The video explores the use of OpenAI's GPT-3 AI text generator to generate video ideas, with mixed results, and discusses the potential and limitations of AI technology.
The speaker is struggling to come up with new ideas for videos during lockdown and has exhausted all computer science and language topics, and while freelance researchers have found potential stories, there is a certain aspect that makes a video "right for this channel" that is difficult to define.
OpenAI's GPT-3 AI text generator creates over a thousand plausible video titles from a list of previous videos, hoping to find at least one good idea.
GPT-3 is a state-of-the-art AI text generator that can continue text in the same style and come up with new sentences.
OpenAI's language model was able to generate plausible-sounding video titles when given a list of previous videos, producing over a thousand of them, with the hope of finding at least one good idea.
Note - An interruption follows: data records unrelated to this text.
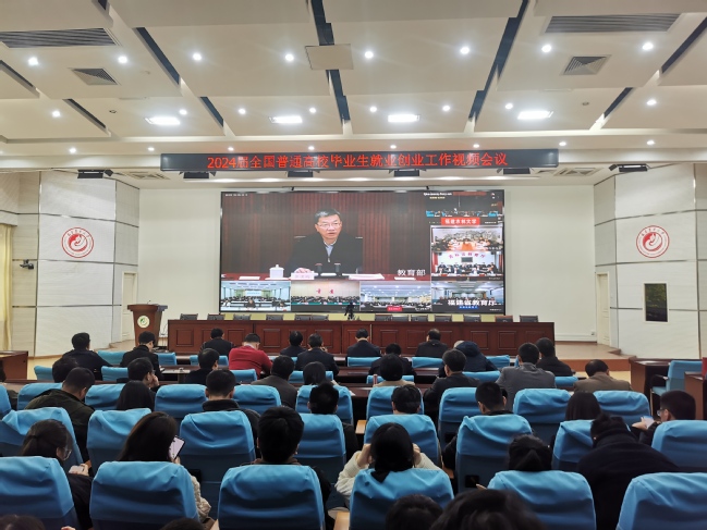 12月5日,教育部、人力资源社会保障部召开2024届全国普通高校毕业生就业创业工作视频会议,教育部党组书记、部长怀进鹏,人力资源社会保障部党组成员、副部长吴秀章,工业和信息化部党组成员、副部长王江平出席会议并讲话,教育部党组成员、副部长翁铁慧主持会议。我校在禧强楼学术报告厅设分会场,校长兰思仁、校党委副书记曾华平,校学工部相关负责人、各学院党委副书记、全体毕业班辅导员等100余人参加会议。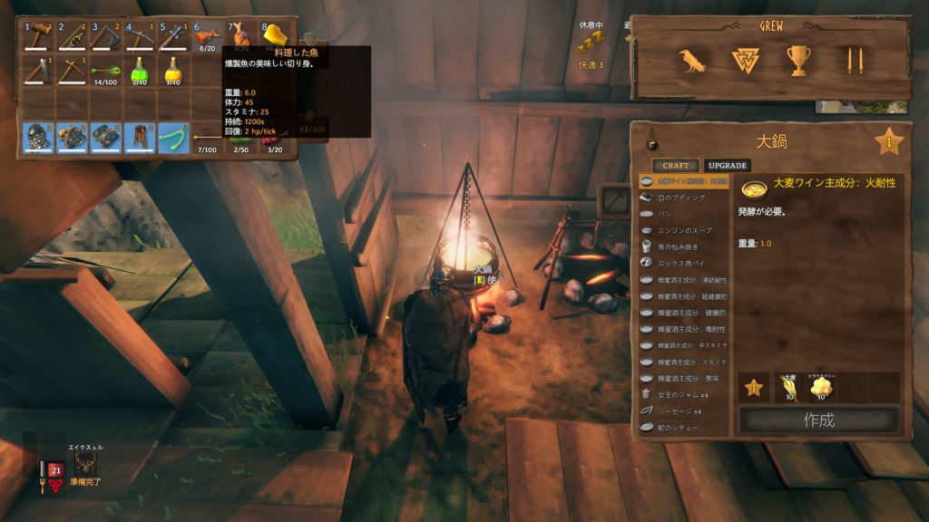 釣りをすることで終盤まで利用できる料理などを制作できます。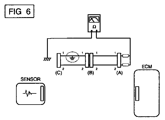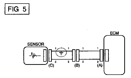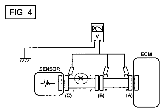 a. With each connector still connected, measure the voltage between the chassis ground and terminal 1 of each connectors (A), (B) and (C) as shown in [FIG. 4].
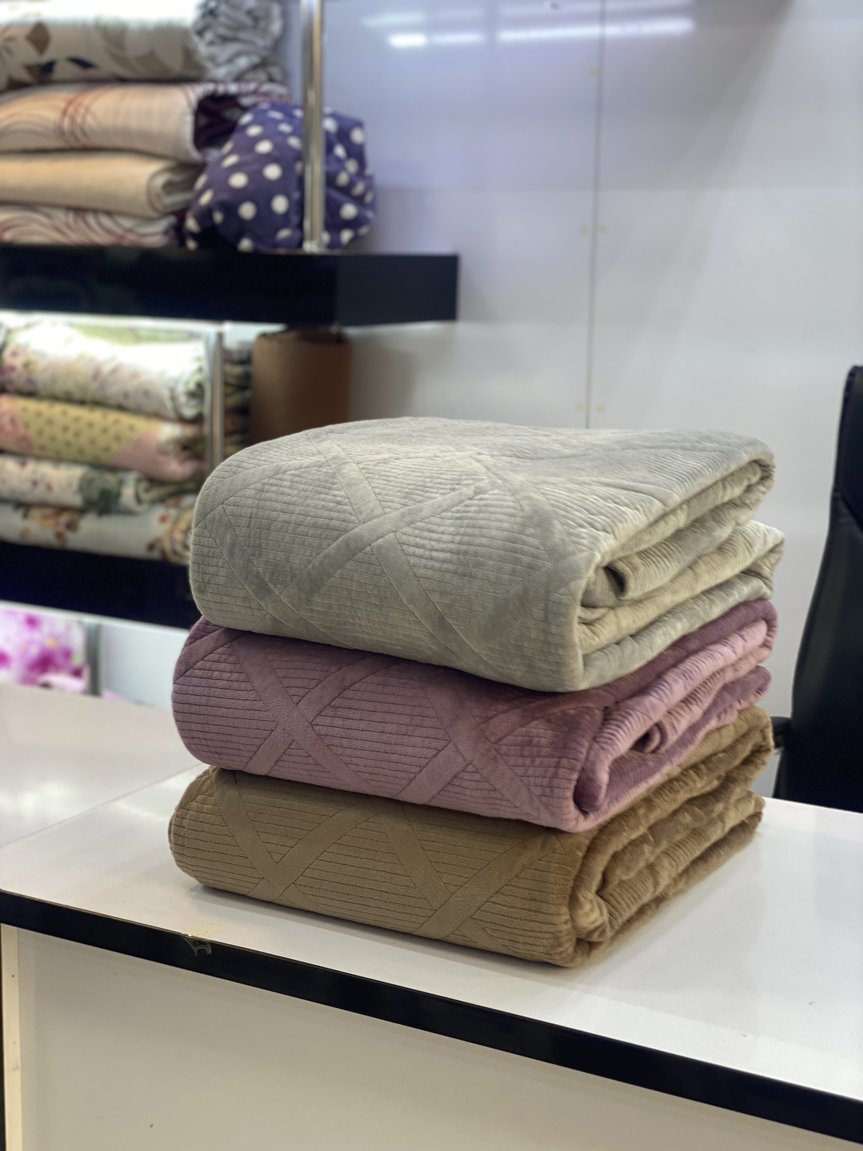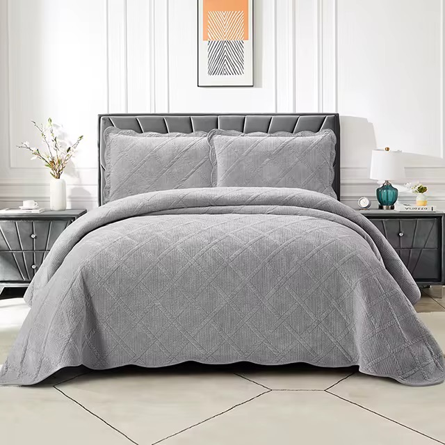روتختی پنبه دوز ۲ نفره ۳ تیکه مخمل برجسته لوزی

AI-generated video titles were mostly dull and uninteresting, with some nonsensical suggestions, but with the right temperature setting, it did suggest some real places.
The speaker discusses various video ideas suggested by an AI, including a seaplane terminal and a CIA plot to kill Castro with explosive seashells, but notes that the most interesting suggestions are completely fictional.
The speaker experimented with an AI-generated script for a video idea about a Russian utopia in East Yorkshire, which was not real but the AI delivered exactly what was asked for.
Baroness Helena von Hahn's dream of creating a Russian utopia in Holderness, West Yorkshire, through the purchase of land from an entrepreneur named Thomas Kirby, was a fictional story.
OpenAI is putting limits and ethical guidelines on its text generator to prevent people from asking for human-sounding political arguments or fake reviews, but we don't know where we are on the sigmoid curve of AI technology.